Data supplied:

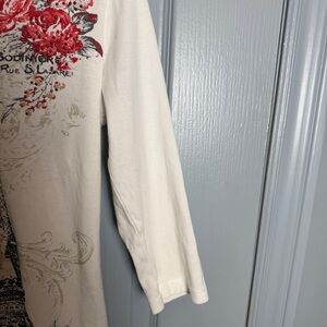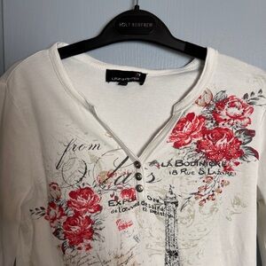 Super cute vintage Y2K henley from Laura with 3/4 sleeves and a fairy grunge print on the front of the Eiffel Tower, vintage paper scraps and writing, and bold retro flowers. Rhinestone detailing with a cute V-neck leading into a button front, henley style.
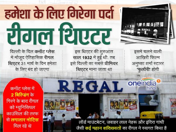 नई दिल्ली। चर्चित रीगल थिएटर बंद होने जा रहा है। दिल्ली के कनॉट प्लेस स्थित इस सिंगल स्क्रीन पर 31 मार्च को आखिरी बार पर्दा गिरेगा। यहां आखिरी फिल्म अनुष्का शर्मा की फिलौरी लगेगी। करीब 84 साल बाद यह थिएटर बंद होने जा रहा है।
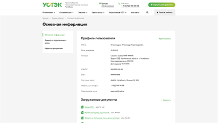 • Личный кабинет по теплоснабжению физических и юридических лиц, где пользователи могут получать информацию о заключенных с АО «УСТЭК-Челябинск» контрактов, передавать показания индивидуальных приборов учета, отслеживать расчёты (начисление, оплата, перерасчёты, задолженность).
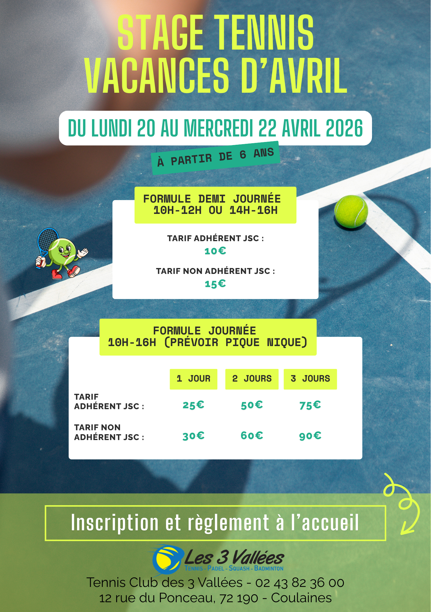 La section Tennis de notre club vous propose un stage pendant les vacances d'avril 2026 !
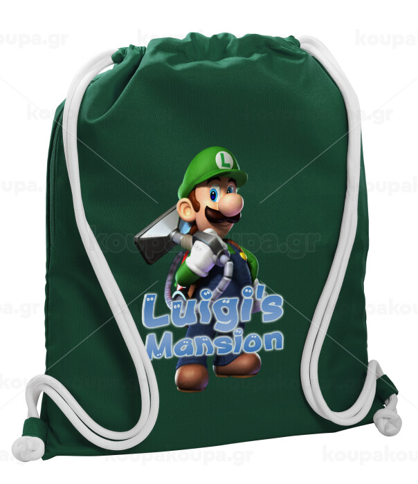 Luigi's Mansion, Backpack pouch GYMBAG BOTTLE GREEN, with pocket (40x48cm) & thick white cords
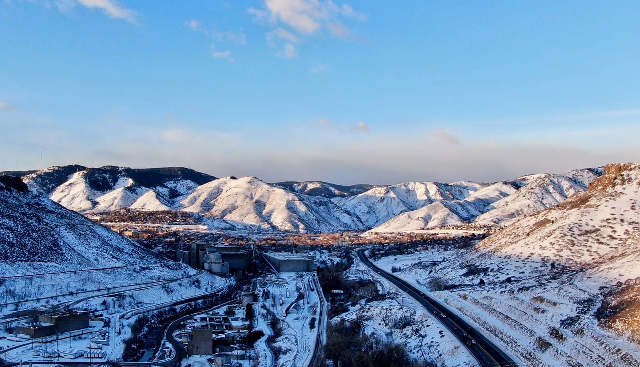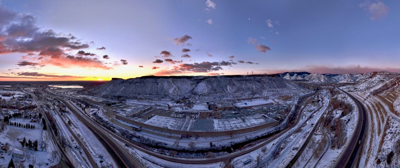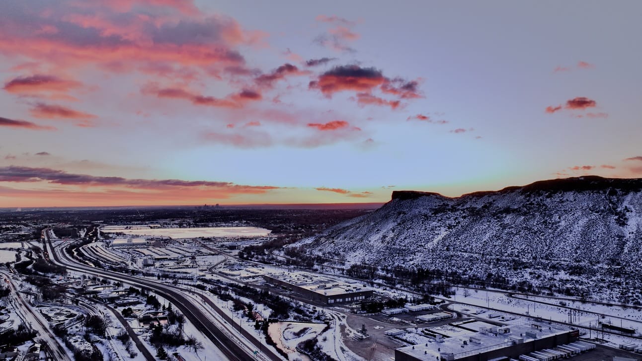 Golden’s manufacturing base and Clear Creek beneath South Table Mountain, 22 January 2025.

Exercise goal:
Exactly as they stand, write the lines from the one holding "Luigi's Mansion, Backpack" to the end of the material, both ends included. Do not copy the pictures.

Response to this task:
 Luigi's Mansion, Backpack pouch GYMBAG BOTTLE GREEN, with pocket (40x48cm) & thick white cords
 Golden’s manufacturing base and Clear Creek beneath South Table Mountain, 22 January 2025.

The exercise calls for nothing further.